Rerank a list of documents based on semantic similarity to a query.

Parameters:

query (str) – The input query string.
docs (list) –
A list of (LangChain) documents to rerank.

Each document must have a page_content attribute.

Returns:

The input documents sorted by descending relevance to the query.

Return type:

list

euclid.rag.retrievers.redmine_tool.get_redmine_tool(llm: BaseLanguageModel, retriever: VectorStoreRetriever) → Tool#

Return a tool that answers questions using Euclid Consortium Redmine. Uses a language model and vector store retriever, to find and summarize relevant redmine wikis.

Parameters:

llm (BaseLanguageModel) – The language model used to generate answers.
retriever (VectorStoreRetriever) – The retriever for accessing redmine documents.

Returns:

A callable tool that answers questions based on EC redmine.

Return type:

Tool

Data Ingestion#

Ingest Euclid Science Ground Segment Data Product Description Document (DPDD).

This script downloads the DPDD from the Euclid website, processes it, and ingests the data into a FAISS vectorstore for use in the Euclid RAG system.

class euclid.rag.ingestion.ingest_dpdd.EuclidDPDDIngestor(vector_store_dir: Path, dpdd_config_path: Path)#

Bases: object

Downloads and ingests DPDD data into the vector store.

ingest_new_data() → None#

Ingest new data into the vector store.

This method fetches DPDD entries, processes them, and adds them to the vector store, avoiding duplicates based on the ‘source’ metadata field.

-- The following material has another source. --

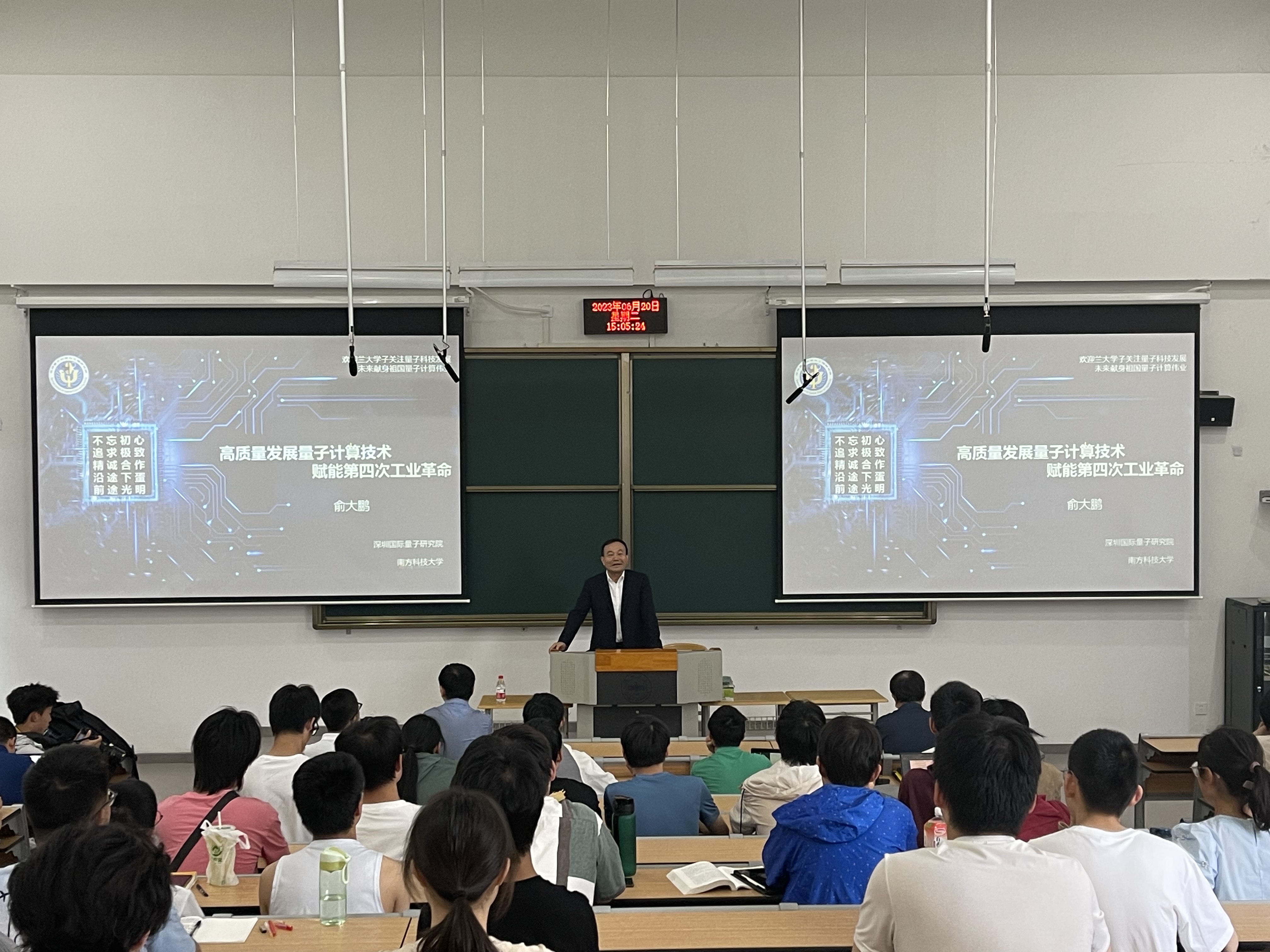 当日下午,俞大鹏院士专程赴榆中校区为本科生做了《量子计算为第四次工业革命提供颠覆性算力》的报告,该报告对我国量子计算的发展现状、面临的挑战与机遇进行全面的分析,阐述了我国在量子计算领域的研究基础和优势,介绍深圳国际量子研究院发展现状尤其是近几年取得的若干重大研究进展等,与在座师生进行了互动交流。

Raises:: RuntimeError – If the vector store directory is missing or cannot be created.
Returns:: This function does not return anything; it performs the ingestion.
Return type:: None

euclid.rag.ingestion.ingest_dpdd.main() → None#: Run the ingestion script.

euclid.rag.ingestion.ingest_dpdd.run_dpdd_ingestion(config: dict) → None#

Run the DPDD ingestion process.

Parameters:: config (dict) – Configuration dictionary containing paths and settings.
Raises:: RuntimeError – If the vector store directory is missing or cannot be created.
Returns:: This function does not return anything; it performs the ingestion.
Return type:: None

Ingest publications into a FAISS vector store from the official EC BibTeX. Each paper is embedded immediately after download and deleted afterward.

class euclid.rag.ingestion.ingest_publications.EuclidBibIngestor(index_dir: Path, temp_dir: Path, data_config: dict)#

Bases: object

Downloads and updates the vector store from the Euclid BibTeX file.

update_from_bibtex() → None#: Fetch new BibTeX entries and update the vector store.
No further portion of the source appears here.